Many intercity and charter bus companies have managed to stay afloat with the help they have received from Congress. Some were counting on money from the federal Paycheck Protection Program to help keep employees employed, at least for a while. And in late 2020, as part of its pandemic relief bill, Congress approved a $2 billion grant program for coach, school bus and passenger ship operators. The bus industry got $1 billion.

“We were grateful to get anything at that time,” Pantuso said. “For some companies, it was a slim lifeline.”

But that was not enough, he added. His association hopes Congress will authorize an additional $2 billion for the three industries through an amendment added to a larger COVID-19 relief bill by U.S. senses Ben Cardin, a Democrat from Maryland, and Roger Wicker, a Republican from Mississippi. The bill is under consideration in the Senate.

Meanwhile, Pantuso said the recovery has been quite slow. He doesn’t see his industry returning until late 2023 or early 2024.

“With gasoline at $4 a gallon, you would expect the industry to explode,” he said. “We don’t see that happening. People just don’t ride that much.

Schwieterman said he believes intercity bus ridership will continue to grow this summer and expects it to reach 80% of pre-pandemic levels in 2023, spurred by soaring gasoline prices motorists are at confronted.

As for suburban bus lines, particularly those involving long distance, that’s another story.

“The daily commuting market may never fully return. This market is constantly changing,” he said, noting that he hopes it will eventually reach three-quarters of pre-pandemic levels within the next few years.

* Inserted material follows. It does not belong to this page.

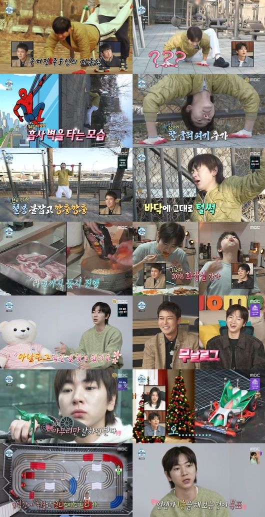 이주승은 지난 ‘순진무구 운동회’에서 체력 부족을 느꼈다며 ‘주도인(주승+무도인)’의 자존심과 명예를 회복하기 위해 추운 겨울 아침에도 운동에 집중했다. 그는 스파이더맨을 연상케 하는 땅 타기(?) 푸시업과 물구나무 푸시업 등 고난도의 체력 훈련에 도전했지만, 금세 지쳐 철봉에 매달린 채 깡총깡총 뛰며 턱걸이를 하는 모습으로 웃음을 안겼다.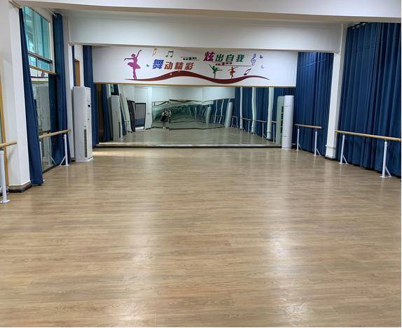 舞蹈室建筑面积为90平方米,可同时容纳50多名学生进行舞蹈训练。该室配备把杆两副,每副各长6米;3面墙面镜子,墙面布置, 满足了舞蹈教室的要求。舞蹈室将每周一到周五为社区群众免费开放,为我校内外大型活动的舞蹈排练提供场所,为提高社区群众的舞蹈素养,陶冶情操提供了优良的场所,为热爱舞蹈的社区群众提供了舞蹈场地。

For Rochester City Lines, charter business has gradually returned over the past eight months, Holter said. But commuter service, which was suspended in April 2020, is unlikely to return.

The small business, which was started by his grandparents in 1966, was able to stay in business during the pandemic, Holter said, because lenders were generous in deferring payments on business loans and thanks to federal aid programs.

“These programs are the reason the doors are always open,” he said. “It was a brutal thing to go through.”

And while the company expands its charter business, total revenue is still down about 50% from pre-pandemic numbers, according to Holter.

He said the company was still getting inquiries from former passengers asking if commuter service would return.

“I’m sorry to say that there are enough changes that it’s really difficult to get the service back on the road,” he said.